#### Problem description
Word-for-word transcription: reproduce all of the data, but not the pictures.

#### Supplied data

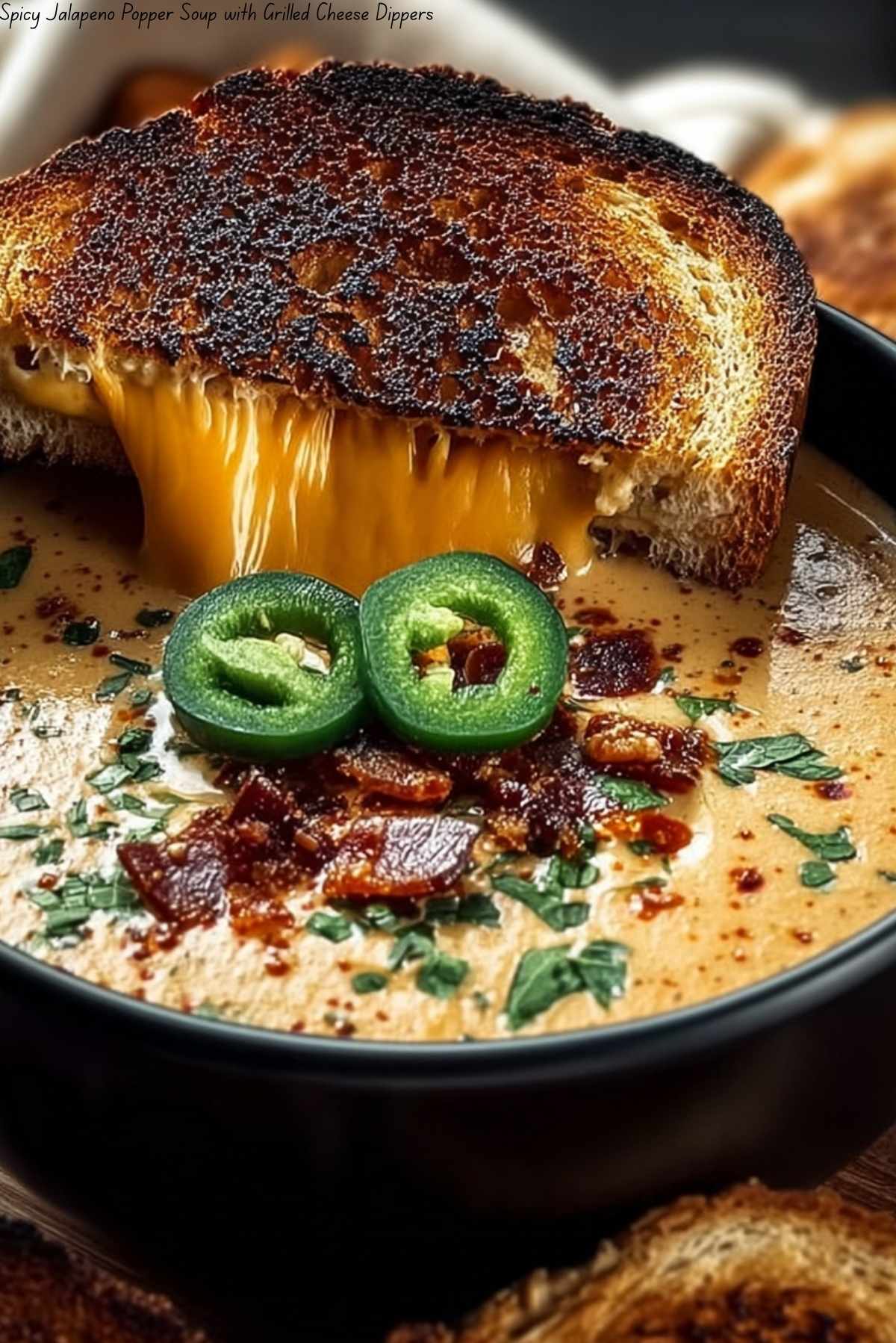 This Spicy Jalapeño Popper Soup with Grilled Cheese Dippers is a creamy and flavorful soup with a kick of heat from jalapeños, topped with crispy bacon and served with gooey grilled cheese dippers for the perfect comfort meal.
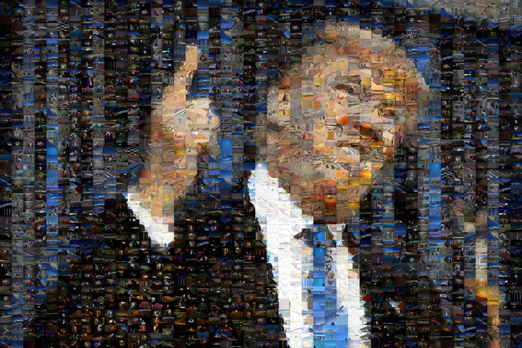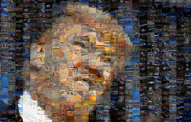 La obra se construye utilizando 2.025 imágenes de la valla que separa USA de México, obtenidas a través de Internet y Google Earth, y que generan el retrato de Trump en una de sus instantáneas más reconocibles. Una metafotografía que configura una realidad dolorosa y que pone sobre la mesa la problemática de la migración.
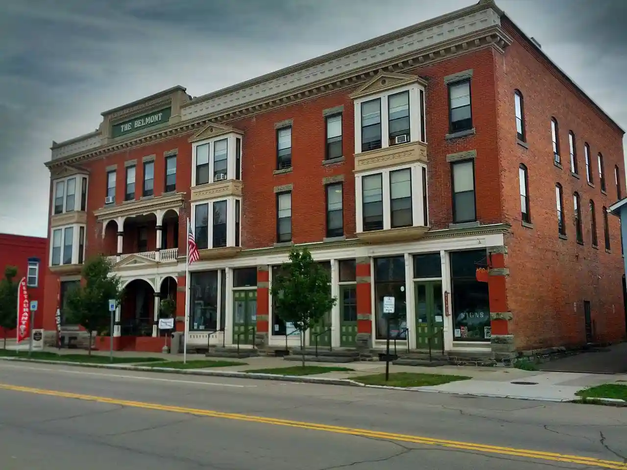 Belmont Hotel is a historic hotel building located at Belmont in Allegany County, New York. The three-story brick building was constructed in 1890 to plans by Fredonia architects Curtis & Archer. The first floor features cast iron storefronts and arcaded loggia. Located adjacent to the Allegany County Courthouse, the hotel played an important role in the county's social, business, and political affairs. See also: Read more on Wikipedia
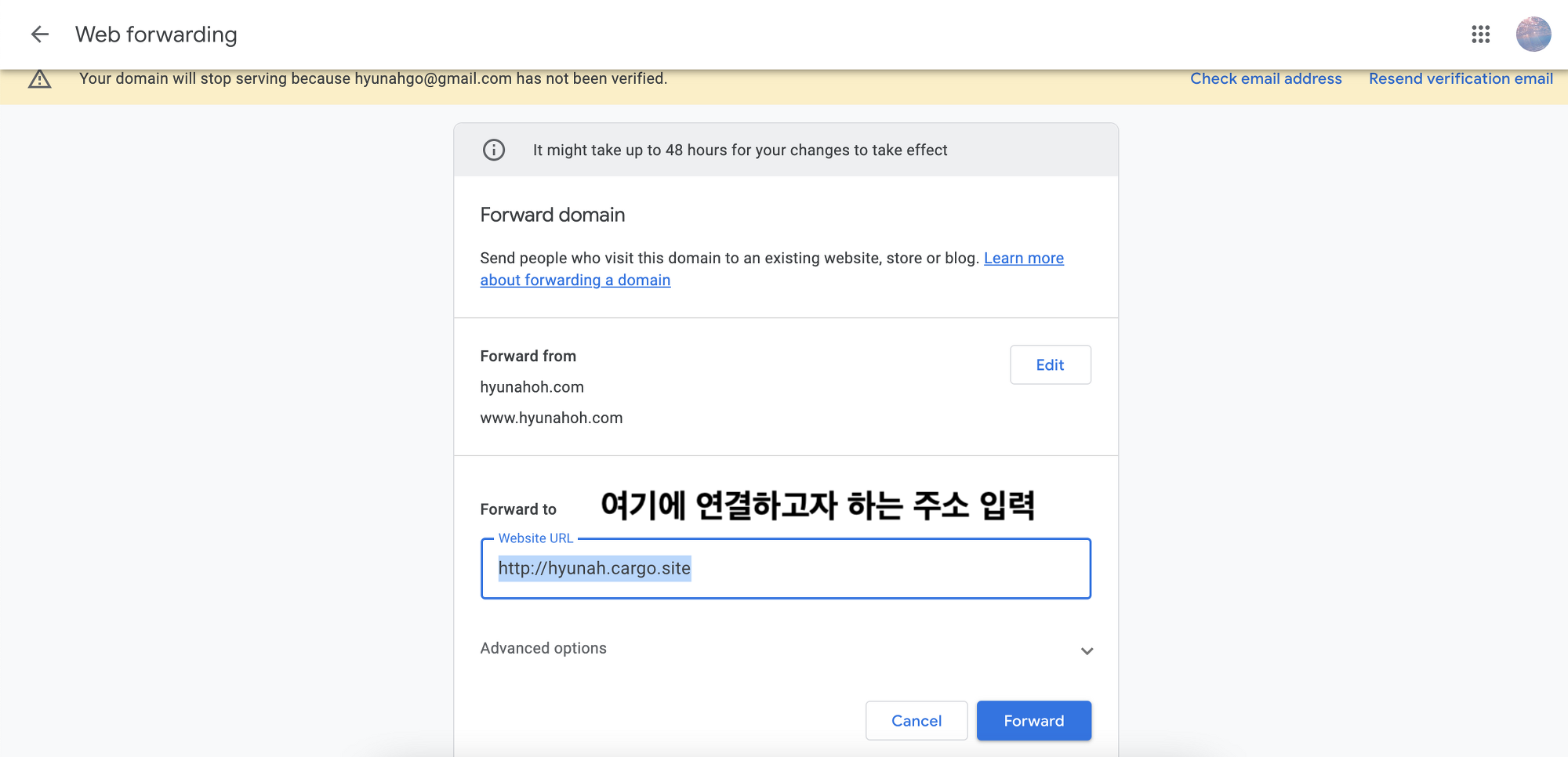 결제가 완료되면, 기존에 길고 지저분한(?) 주소를 가지고 있던 웹사이트에 연결을 시켜야 합니다. 그래야 새로 구매한 내이름.com을 누르면 기존 웹사이트로 가게 되는거니까요. 웹사이트의 '얼굴'인 주소를 새로 만들어준다고 생각하시면 됩니다. 연결을 한다고 해서 기존에 쓰던 URL(예: hyunah.myportfolio.com)이 없어지는 건 아닙니다. 그냥 더 짧은 주소*를 하나 추가한다고 보시면 되어요.

#### The answer
 This Spicy Jalapeño Popper Soup with Grilled Cheese Dippers is a creamy and flavorful soup with a kick of heat from jalapeños, topped with crispy bacon and served with gooey grilled cheese dippers for the perfect comfort meal.
 La obra se construye utilizando 2.025 imágenes de la valla que separa USA de México, obtenidas a través de Internet y Google Earth, y que generan el retrato de Trump en una de sus instantáneas más reconocibles. Una metafotografía que configura una realidad dolorosa y que pone sobre la mesa la problemática de la migración.
 Belmont Hotel is a historic hotel building located at Belmont in Allegany County, New York. The three-story brick building was constructed in 1890 to plans by Fredonia architects Curtis & Archer. The first floor features cast iron storefronts and arcaded loggia. Located adjacent to the Allegany County Courthouse, the hotel played an important role in the county's social, business, and political affairs. See also: Read more on Wikipedia
 결제가 완료되면, 기존에 길고 지저분한(?) 주소를 가지고 있던 웹사이트에 연결을 시켜야 합니다. 그래야 새로 구매한 내이름.com을 누르면 기존 웹사이트로 가게 되는거니까요. 웹사이트의 '얼굴'인 주소를 새로 만들어준다고 생각하시면 됩니다. 연결을 한다고 해서 기존에 쓰던 URL(예: hyunah.myportfolio.com)이 없어지는 건 아닙니다. 그냥 더 짧은 주소*를 하나 추가한다고 보시면 되어요.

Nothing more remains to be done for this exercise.